> EXERCISE
An exact copy of the entries, with every picture omitted, is what is needed here.
═══
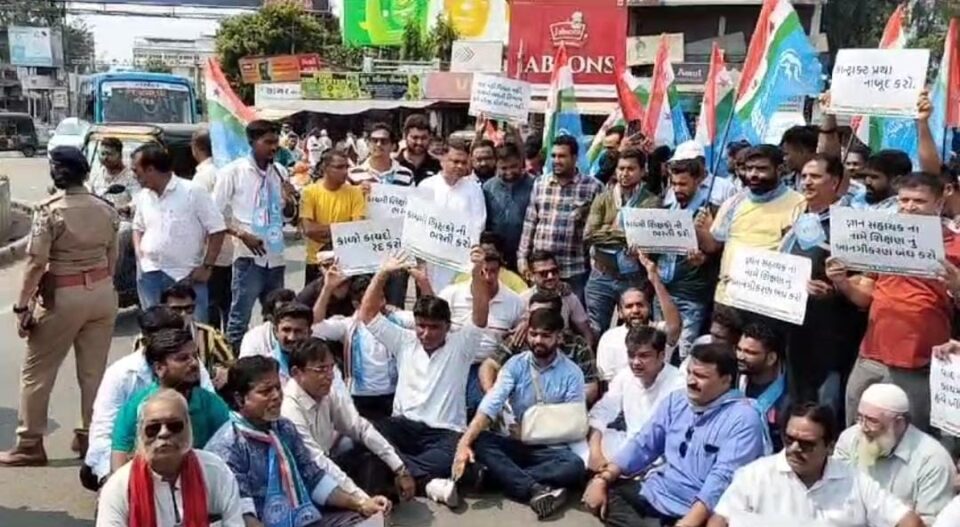 NSUI આક્રમક-જ્ઞાન સહાયક યોજના (કોન્ટ્રાકટ આધારિત ભરતી)રદ કરી કાયમી શિક્ષકોની ભરતી કરવા માટે ભરૂચ NSUI દ્વારા શિક્ષણ બચાવો વિરોધ પ્રદર્શન યોજાયું
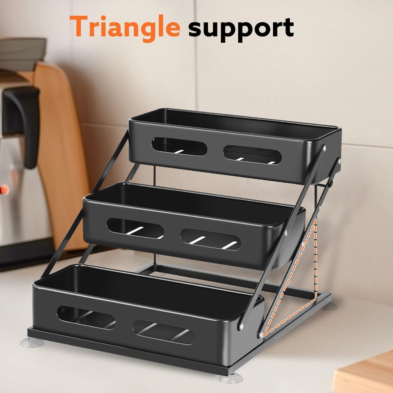 - 【Sturdy & Stable with Strong Load-Bearing Capacity】Designed with a triangular support structure, this spice rack offers excellent stability and durability. The reinforced carbon steel construction ensures a strong load-bearing capacity without wobbling.
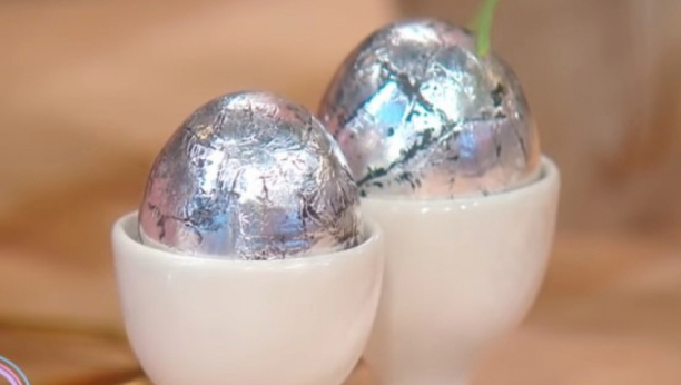 Dok su jaja još topla, ali ne vrela, premažite ih belancetom, sačekajte jedan minut i onda pažljivo nalepite komadiće folije. Dobro pritisnite kako bi se folija zalepila za belance, a kada se jaje potpuno osuši, dobićete efektna, srebrna jaja.
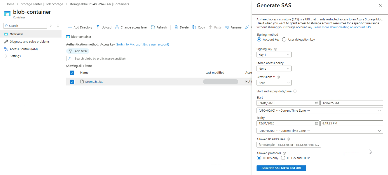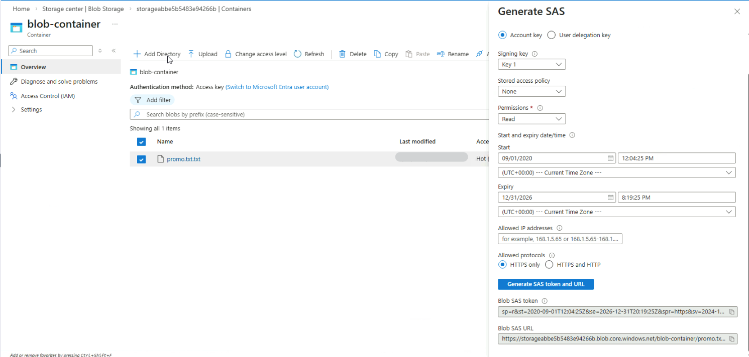 You can modify settings such as the signing method, stored access policy, and expiration time. Once configured, click Generate SAS token and URL.
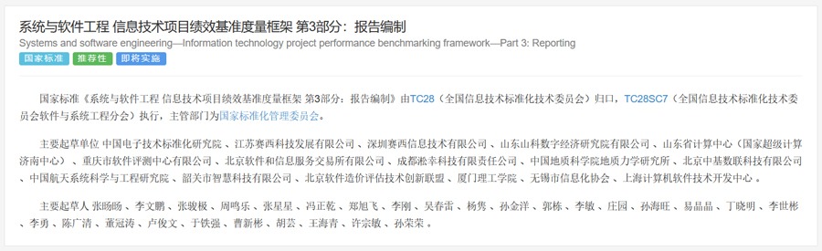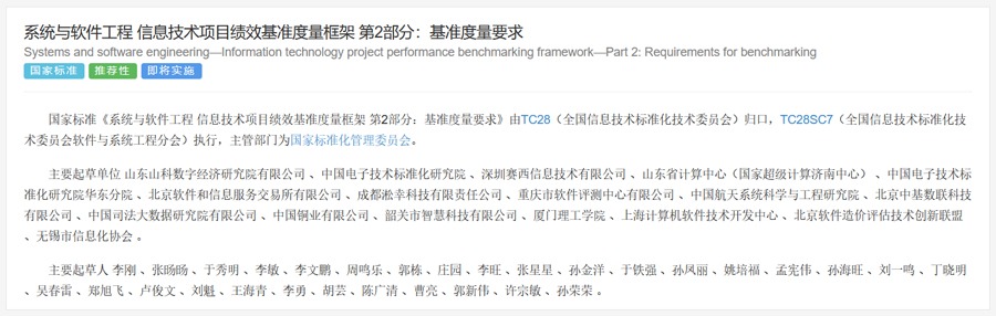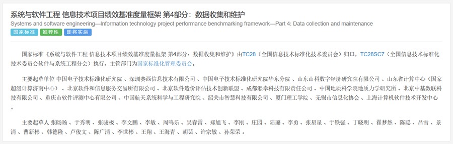该标准由中国计算机用户协会软件造价分会、北京软件造价评估技术创新联盟、北京中基数联科技有限公司、北京科信深度科技有限公司、华测检测认证集团股份有限公司、苏州市软件评测中心有限公司、北京迅威国信科技有限公司、北京尊冠科技有限公司武汉分公司、北京联海信息系统有限公司、云南电网有限责任公司信息中心、湖南新星项目管理有限公司、国家能源集团国际工程咨询有限公司、成方金融信息技术服务有限公司、北京永拓工程咨询股份有限公司共同完成。
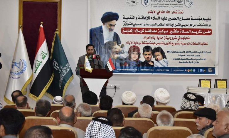 أقامت مؤسسة مصباح الحسين (ع) للإغاثة والتنمية في كربلاء المقدّسة حفلاً تكريمياً للسادة مخاتير مركز المحافظة تثميناً لتعاونهم في إطلاق مشروع ميثاق حماية أيتام العراق ولمطالبة السلطات الرسمية بتشريع قانون وتأسيس هيأة مستقلة لرعاية الأيتام تحت شعار ( الله الله في الأيتام )، وذلك بحسب المقيمين على الحفل الذي إستضافته المفوضية العليا لحقوق الإنسان في المحافظة بحضور السادة مخاتير مركز المدينة وعدد من رجال الدين والفضيلة وممثّلي المؤسسات الحكومية .
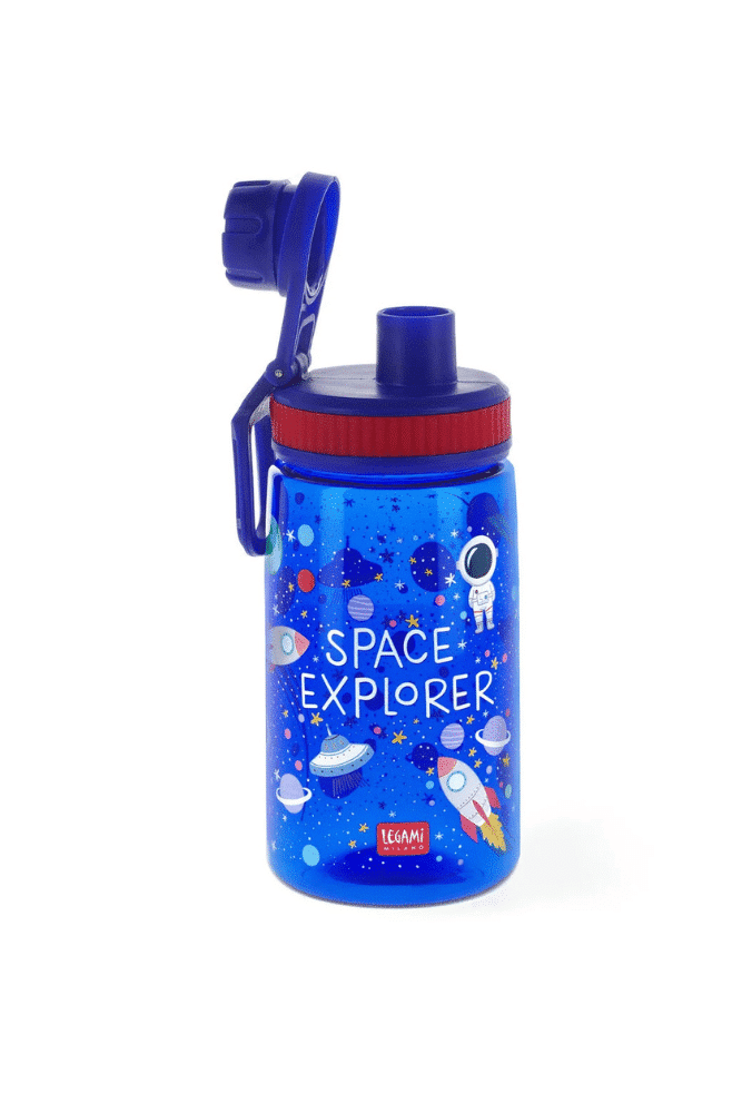 Grâce à la gourde Space de Legami, votre enfant va pouvoir boire sans catastrophe.
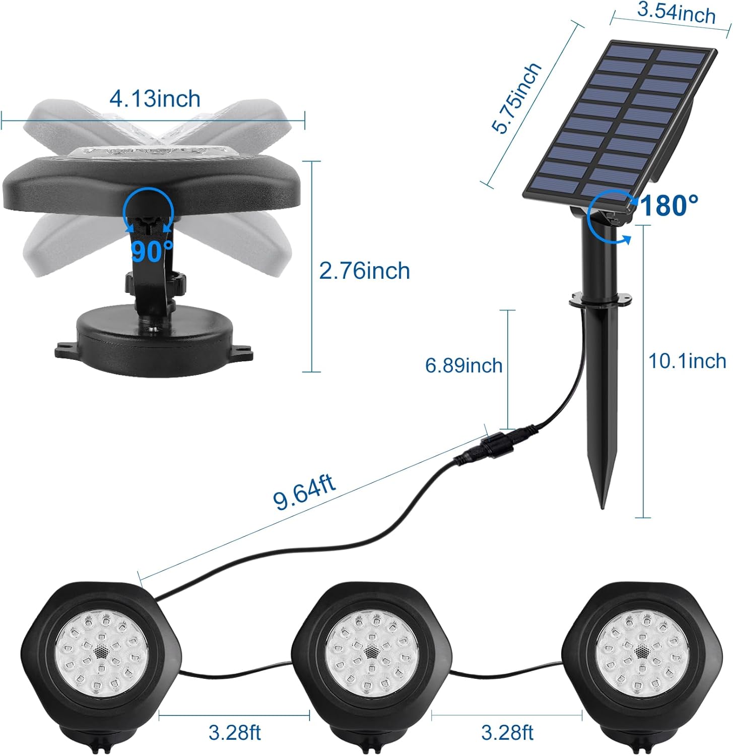 - 3-in-1 Solar Pond Lights: Adjustable, Brighter & Longer Wire. The light heads can be adjusted 90 degrees. One light have 18 LED beads, total 54 LED, Super bright, comes with 17ft/5m wire, more flexible and convenient to use.
═══
> RESPONSE TO THIS EXERCISE
 NSUI આક્રમક-જ્ઞાન સહાયક યોજના (કોન્ટ્રાકટ આધારિત ભરતી)રદ કરી કાયમી શિક્ષકોની ભરતી કરવા માટે ભરૂચ NSUI દ્વારા શિક્ષણ બચાવો વિરોધ પ્રદર્શન યોજાયું
 - 【Sturdy & Stable with Strong Load-Bearing Capacity】Designed with a triangular support structure, this spice rack offers excellent stability and durability. The reinforced carbon steel construction ensures a strong load-bearing capacity without wobbling.
 Dok su jaja još topla, ali ne vrela, premažite ih belancetom, sačekajte jedan minut i onda pažljivo nalepite komadiće folije. Dobro pritisnite kako bi se folija zalepila za belance, a kada se jaje potpuno osuši, dobićete efektna, srebrna jaja.
 You can modify settings such as the signing method, stored access policy, and expiration time. Once configured, click Generate SAS token and URL.
该标准由中国计算机用户协会软件造价分会、北京软件造价评估技术创新联盟、北京中基数联科技有限公司、北京科信深度科技有限公司、华测检测认证集团股份有限公司、苏州市软件评测中心有限公司、北京迅威国信科技有限公司、北京尊冠科技有限公司武汉分公司、北京联海信息系统有限公司、云南电网有限责任公司信息中心、湖南新星项目管理有限公司、国家能源集团国际工程咨询有限公司、成方金融信息技术服务有限公司、北京永拓工程咨询股份有限公司共同完成。
 أقامت مؤسسة مصباح الحسين (ع) للإغاثة والتنمية في كربلاء المقدّسة حفلاً تكريمياً للسادة مخاتير مركز المحافظة تثميناً لتعاونهم في إطلاق مشروع ميثاق حماية أيتام العراق ولمطالبة السلطات الرسمية بتشريع قانون وتأسيس هيأة مستقلة لرعاية الأيتام تحت شعار ( الله الله في الأيتام )، وذلك بحسب المقيمين على الحفل الذي إستضافته المفوضية العليا لحقوق الإنسان في المحافظة بحضور السادة مخاتير مركز المدينة وعدد من رجال الدين والفضيلة وممثّلي المؤسسات الحكومية .
 Grâce à la gourde Space de Legami, votre enfant va pouvoir boire sans catastrophe.
 - 3-in-1 Solar Pond Lights: Adjustable, Brighter & Longer Wire. The light heads can be adjusted 90 degrees. One light have 18 LED beads, total 54 LED, Super bright, comes with 17ft/5m wire, more flexible and convenient to use.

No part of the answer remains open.